Ex-cop fined for 60 pounds of stolen beef
GRANVILLE DEFREITAS, a 29-year-old former member of the police force
From the Courts
December 14, 2018
Ex-cop fined for 60 pounds of stolen beef

ALTHOUGH HE was found guilty of possession of over 60 pounds of beef reasonably suspected of being stolen, an ex-cop managed to graze past the possibility of prison last week.

Last Wednesday, Senior Magistrate Rickie Burnett concluded that the evidential threshold required to convict Granville DeFreitas for the 2017 offence, had been met by the prosecution.

Therefore, DeFreitas, a 29-year-old former member of the police force, stood convicted of having in possession, at North Union on July 4, 2017, 62.5 pounds of beef, reasonably suspected of being stolen.

The maximum prison sentence for this offence is up to six months imprisonment, but defense attorney Ronald Marks believed that a bond would instead be in order for his client, who was a first time offender.

Marks also mitigated that there was no “reported victim” in the matter.

Two prosecutors made submissions to the court, Prosecutor Sergeant Renwick Cato, making submissions first, in the absence of the prosecutor who had been involved in the matter.
Cato wished for DeFreitas to bear the weight of the uniform that he used to wear, saying, “We have to set examples, whether ex or present, we have to set examples for persons in the community,” the Sergeant stated.

In his plea for the court to send a message for what he deemed to be a serious offence, Cato expressed, “the farmers are suffering too much in St Vincent and the Grenadines because of other persons who are not planters, [who] want to be reapers.”

Afterwards, Cato yielded the floor to Prosecutor Sergeant Delroy Tittle, who had prosecuted the matter, and who was now present in the courtroom.

Tittle began by stating, “There is a farmer who lost a bovine, a young cattle…”

Marks immediately rose to object to this statement, dismissing it as speculation, and stated that the case was not one of theft.

When Tittle continued, saying that there was a farmer who would never be compensated, Marks interjected “What he name?”

Tittle had asked that the court impose a jail sentence, and cited a case for which, he said, that the six months imprisonment had been imposed.

This caused Marks to say that he would put his head on the chopping block that no magistrate in St Vincent and the Grenadines would impose the maximum on a guilty plea.

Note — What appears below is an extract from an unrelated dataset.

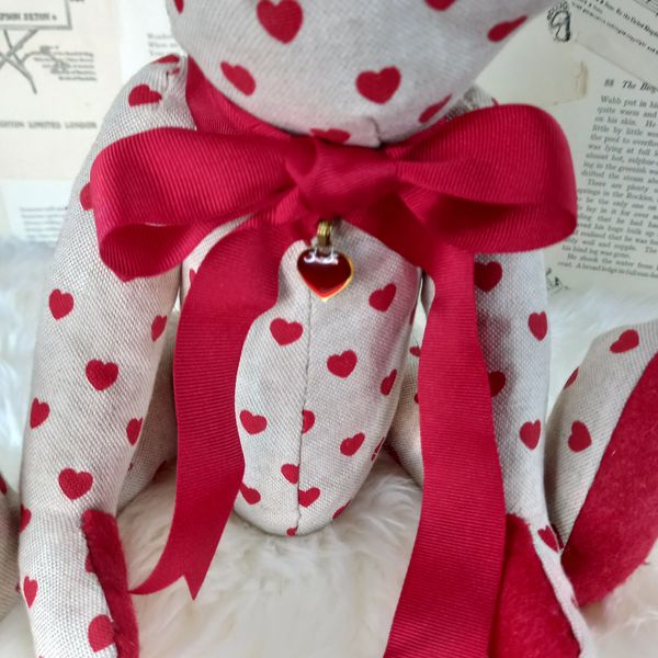 Her name means "loved" - it seemed appropriate for a teddy covered in love hearts.
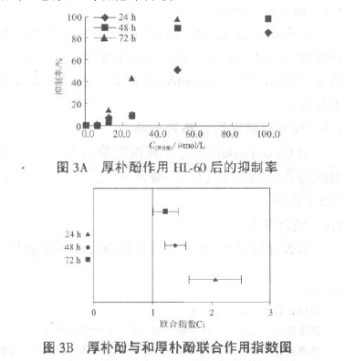 2·4 厚樸酚及厚樸酚、和厚樸酚聯(lián)合作用對HL-60的MTT實驗結(jié)果(圖3) 利用HL-60首先觀察厚樸的另一種提取化合物厚樸酚對白血病細胞的增殖抑制作用,并通過統(tǒng)計學方法觀察厚樸酚、和厚樸酚聯(lián)合作用的效果。結(jié)果發(fā)現(xiàn)厚樸酚對HL-60也存在增殖抑制作用,但與和厚樸酚之間無聯(lián)合協(xié)同作用,聯(lián)合指數(shù)CI>1。 3 討論 厚樸主要用于治療胃腸功能紊亂,其干燥皮可提取活性藥用成分和厚樸酚及厚樸酚。近年發(fā)現(xiàn)和厚樸酚具有明顯的抗腫瘤活性,可明顯抑制卵巢癌、乳腺癌等多種實體腫瘤增殖作用。中醫(yī)藥臨床多用原藥,原藥厚樸中除含有和厚樸酚,還富含厚樸酚等天然活性化合物,因此我們利用MTT實驗觀察和厚樸酚與厚樸酚對三種白血病的增殖抑制和誘導凋亡作用。凋亡的顯著特征是細胞內(nèi)出現(xiàn)凋亡小體。是由染色體DNA斷裂所致。斷裂后形成了許多長約180 bp倍數(shù)的DNA片斷,通過電泳照相顯示為階梯狀,成為凋亡DNA Ladder,是細胞凋亡經(jīng)典實驗。DNALadder電泳實驗結(jié)果顯示和厚樸酚對三種白血病細胞有誘導凋亡作用。細胞早凋亡時,位于細胞膜內(nèi)側(cè)的PS可遷移至外側(cè),形成膜反轉(zhuǎn)。標記上熒光素的磷脂酰結(jié)合蛋白V(Annexin V)對PS有高度的親合力。圖2顯示當0·0、20·0、40·0μmol/L和厚樸酚分別作用于K562、HL-60、U937 24 h后,通過流式細胞儀檢測到AnnexinV-FITC陽性細胞,顯示和厚樸酚作用白血病細胞后發(fā)生PS膜反轉(zhuǎn),出現(xiàn)早期凋亡細胞,且凋亡細胞數(shù)量具有劑量依賴性。 圖3A提示厚樸酚作用HL-60后其抑制率與和厚樸酚接近。說明和厚樸酚與厚樸酚活性化合物是抗腫瘤的物質(zhì)基礎。圖3B為和厚樸酚與厚樸酚聯(lián)合作用時通過統(tǒng)計學計算得到的聯(lián)合指數(shù),當聯(lián)合厚樸酚對白血病細胞的增殖抑制作用,并通過統(tǒng)計學方法觀察厚樸酚、和厚樸酚聯(lián)合作用的效果。結(jié)果發(fā)現(xiàn)厚樸酚對HL-60也存在增殖抑制作用,但與和厚樸酚之間無聯(lián)合協(xié)同作用,聯(lián)合指數(shù)CI>1。 3 討論 厚樸主要用于治療胃腸功能紊亂,其干燥皮可提取活性藥用成分和厚樸酚及厚樸酚。近年發(fā)現(xiàn)和厚樸酚具有明顯的抗腫瘤活性,可明顯抑制卵巢癌、乳腺癌等多種實體腫瘤增殖作用。中醫(yī)藥臨床多用原藥,原藥厚樸中除含有和厚樸酚,還富含厚樸酚等天然活性化合物,因此我們利用MTT實驗觀察和厚樸酚與厚樸酚對三種白血病的增殖抑制和誘導凋亡作用。凋亡的顯著特征是細胞內(nèi)出現(xiàn)凋亡小體。是由染色體DNA斷裂所致。斷裂后形成了許多長約180 bp倍數(shù)的DNA片斷,通過電泳照相顯示為階梯狀,成為凋亡DNA Ladder,是細胞凋亡經(jīng)典實驗。DNALadder電泳實驗結(jié)果顯示和厚樸酚對三種白血病細胞有誘導凋亡作用。 細胞早期凋亡時,位于細胞膜內(nèi)側(cè)的PS可遷移至外側(cè),形成膜反轉(zhuǎn)。標記上熒光素的磷脂酰結(jié)合蛋白V(Annexin V)對PS有高度的親合力。圖2顯示當0·0、20·0、40·0μmol/L和厚樸酚分別作用于K562、HL-60、U937 24 h后,通過流式細胞儀檢測到AnnexinVFITC陽性細胞,顯示和厚樸酚作用白血病細胞后發(fā)生PS膜反轉(zhuǎn),出現(xiàn)早期凋亡細胞,且凋亡細胞數(shù)量具有劑量依賴性。 圖3A提示厚樸酚作用HL-60后其抑制率與和厚樸酚接近。說明和厚樸酚與厚樸酚活性化合物是抗腫瘤的物質(zhì)基礎。圖3B為和厚樸酚與厚樸酚聯(lián)合作用時通過統(tǒng)計學計算得到的聯(lián)合指數(shù),當聯(lián)合指數(shù)CI<1時表示二者有聯(lián)合作用。和厚樸酚與厚樸酚聯(lián)合作用HL-60在不同時間段聯(lián)合指數(shù)CI>1,提示二者對HL-60無聯(lián)合協(xié)同作用。綜上所述,和厚樸酚與厚樸酚分別具有抑制K562、HL-60和U937增殖抑制或誘導凋亡作用,和厚樸酚與厚樸酚對HL-60的增殖抑制無協(xié)同聯(lián)合作用,其結(jié)果為研發(fā)新的抗白血病治療藥物和厚樸的新用途提供了實驗依據(jù)。 |

Marks made further submissions that Parliament did not agree with Cato that the offence was serious, and that it could not compare to theft, where 14 years is the maximum sentence.

“In the circumstances we submit that this is not an offence where there is no other appropriate punishment but prisons. And your honour, it is unfair, to clothe the defendant in a uniform that he has surrendered,” Marks ended.

Burnett stated that he was not minded to impose a custodial sentence in the case. He continued that he believed a fine to be appropriate.

The magistrate gave the unemployed man until March 15 to pay a fine of $1500, in default of which DeFreitas will spend three months in prison.